Enquanto muitos têm boas lembranças da prosperidade econômica sob o governo de Lula e ele continua profundamente popular entre as comunidades pobres, especialmente no nordeste do Brasil - seu feudo -, muitos outros votaram nele apenas para ver a volta de Bolsonaro.
Esta foi a sexta campanha presidencial de Lula.
Lula cresceu em extrema pobreza, o sétimo de oito filhos de uma família de agricultores analfabetos no árido estado de Pernambuco.
Quando ele tinha sete anos, sua família se juntou a uma onda de migração para o centro industrial de São Paulo.
Lula trabalhou como engraxate e vendedor de amendoim antes de se tornar metalúrgico aos 14 anos.
Na década de 1960, ele perdeu um dedo em um acidente de trabalho.

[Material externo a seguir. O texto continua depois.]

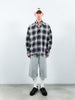 ダブルニー、5ポケットといったワークウェアで見られるディテールを入れ、ダブルニー部分にはリベットを打っております。裾はカットオフ仕様となっており、ウエストにはゴムを入れ、スピンドルでサイズ調節が可能となっております。

Lula subiu rapidamente para se tornar chefe de seu sindicato e liderou grandes greves na década de 1970 que desafiaram a então ditadura militar.
Em 1980, ele co-fundou o Partido dos Trabalhadores, sendo candidato à presidência nove anos depois.
Lula perdeu três candidaturas presidenciais de 1989 a 1998, finalmente vencendo em 2002 e novamente quatro anos depois.
Apesar dos temores na época de que seu tipo de esquerdismo seria muito radical, o governo de Lula de 2003-2010 misturou programas sociais pioneiros com política econômica favorável ao mercado.
Ele ganhou a reputação de líder moderado e pragmático.
Lula também transformou o Brasil em um jogador-chave no cenário internacional, ajudando-o a garantir a Copa do Mundo de 2014 e as Olimpíadas de 2016 no Rio de Janeiro.
Uma vez descrito pelo ex-presidente dos Estados Unidos, Barack Obama, como "o político mais popular da Terra", o herói esquerdista barbudo com sua voz rouca característica mistura habilidade política com um toque popular que o tornou querido por muitos em todo o mundo.
"Ele é um político muito talentoso. É um negociador nato", disse à AFP Leonardo Paz, consultor do International Crisis Group Brasil.
"Lula conseguiu trazer quase todo mundo, da centro-direita à esquerda, para o lado dele contra Bolsonaro", nas eleições de outubro.
Entre eles estava o centrista Geraldo Alckmin, que havia desafiado Lula sem sucesso para a presidência em 2006, e agora será seu vice-presidente.
O pai de cinco filhos, duas vezes viúvo, sobreviveu a um câncer na garganta e em 2017 perdeu sua esposa de quatro décadas, Marisa Leticia Rocco, devido a um derrame.
Lula disse que está novamente "apaixonado como se eu tivesse 20 anos" por Rosangela "Janja" da Silva, uma socióloga e ativista do PT 21 anos mais nova, com quem se casou em maio.
Lula tem dito que não vai concorrer a outro mandato depois deste.